Since you seem to know whereof you speak, one more question. Would our largest nuclear bombs have enough energy to nudge the rock enough or to break it into pieces? A lot of a nuclear explosion in space is just going to disappate in the wrong direction. In fact, since the nuclear weapon would not actually throw a subsantial amount of mass at the object, how would energy transfer to the object. Of course it would throw a lot of subatomic particles at the asteroid; but how much energy could be transmitted in that manner.
Sorry about the barrage of questions. This could be a very serious matter and I am curious.
I have a bit of a problem with this idea at this point. They don't know if it will hit, come close, or miss us by a LARGE distance. What happens if they nudge it INTO the path of the earth by accident?
I lean towards the several nukes school, give it a few good, hard nudges. We don't have a precise plot of the orbit, nor do we have a good idea of shape or rotation of the body. That will come in the upcoming months. If it DOES seem to be a problem (I define a "problem" as asteroid coming closer than lunar orbit. . . ), THEN we build ourselves a deep-space equivalent of a MIRVed ICBM, and send it off to nudge the rock out of our way. . .
As for the small pieces, you're correct, IF THE PIECES are small enough. If you break it into a conglomeration of city-block-sized pieces, you're going to have problems. . .
Fooling with this until we are dead certain where it is going and what the effects of our meddling would be is not a good idea.
Now, as for the throw-weight of our nukes, I know very little about yields, and I suspect that real detail here is classified. But, at least according to an article I read in Scientific American in the early 1980's, there appears to be such a thing as a "shaped nuke", just like there are shaped charges of conventional explosives. Assuming such IS actually possible, I suspect we'd use that sort of nuke.
As for the energy transfer, the energetic particles of the bomb itself would transfer their energy to the matter of the asteroid, and since it's vacuum on one side, and rock on the other, the explosive vaporization would be on the side of the bomb blast, producing a massive short-term thrust along the rough line of the original blast. It's all Newtonian physics from there (g)
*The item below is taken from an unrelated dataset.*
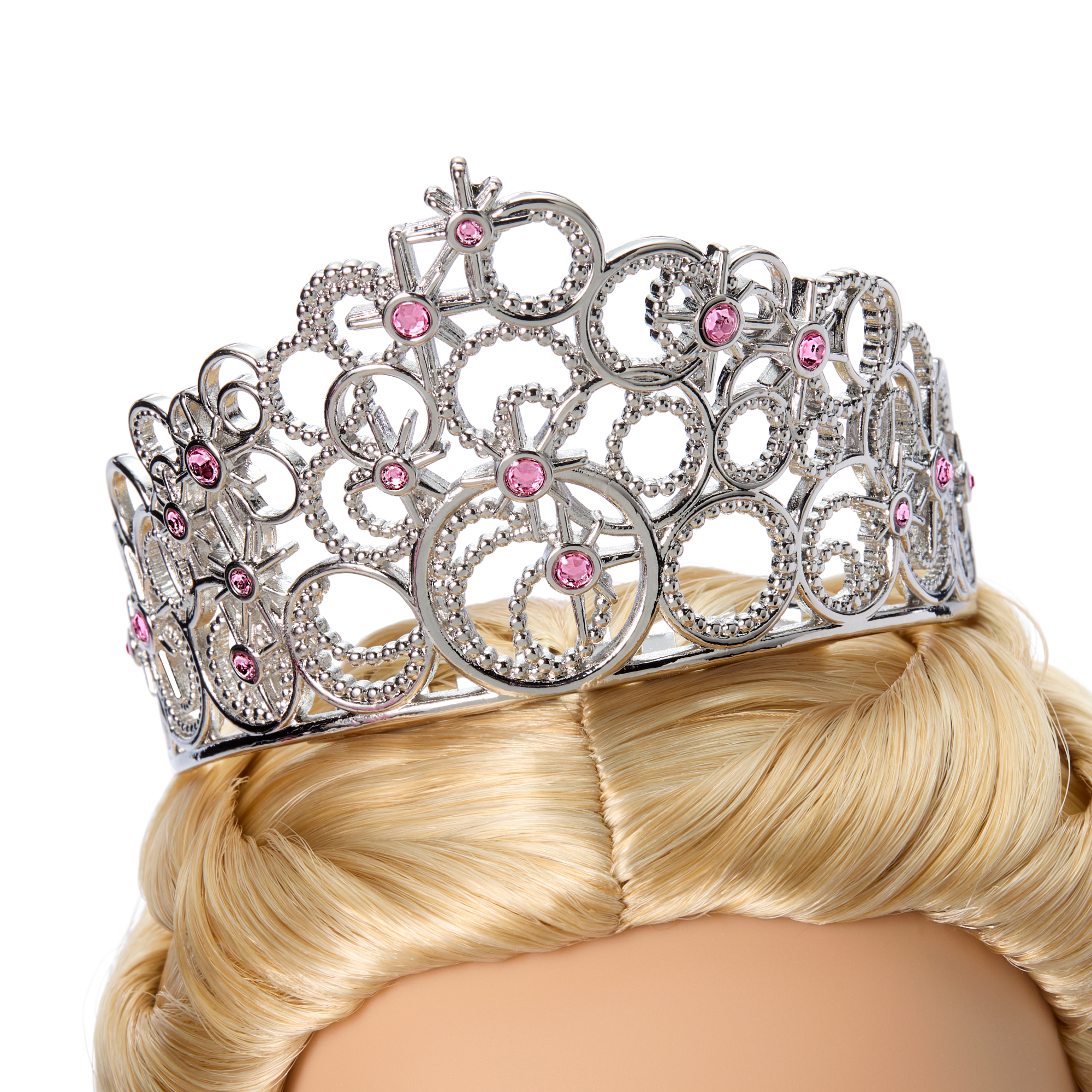 An 18″ doll with brown eyes that open and close smoothly. Her long wavy blonde hair is styled half-up with two twists beneath a tiara. She dazzles with details designed to match the Glinda character, including custom purple eyeshadow, custom eyebrows and lip color, pink bubble-shaped rhinestone earrings in her pierced ears, and pink polish on her fingernails.

It's the Universes way of cleansing... totally natural and organic... with a hint of extinction!.
Seems fitting.
It'll give the Euroweenie Green Party something valid to whine about for a change.
Let them figure out their own solution.
It oughta keep 'em preoccupied and outa our business.
A quick search for '2002 NT7' brings up the long term asteroid encounter site which does list a 2019 encounter by '2002 NT7' but at .17 AU's distance, hardly a threat. See web page:
http://cfa-www.harvard.edu/iau/lists/CloseAppLong.html
Another look at the 'Potentially hazardous asteroids' site at:
http://cfa-www.harvard.edu/iau/lists/PHACloseApp.html
doesn't even list NT7, though there are obviously hundreds of others with more imminent encounter dates that we never hear about. No indication of the size (mass) of the listed objects is given, though it may be there and I can't read the product correctly.
So where is all the hubbub about NT7 coming from?
If it was going to hit Massachussetts, we'd do nothing at all.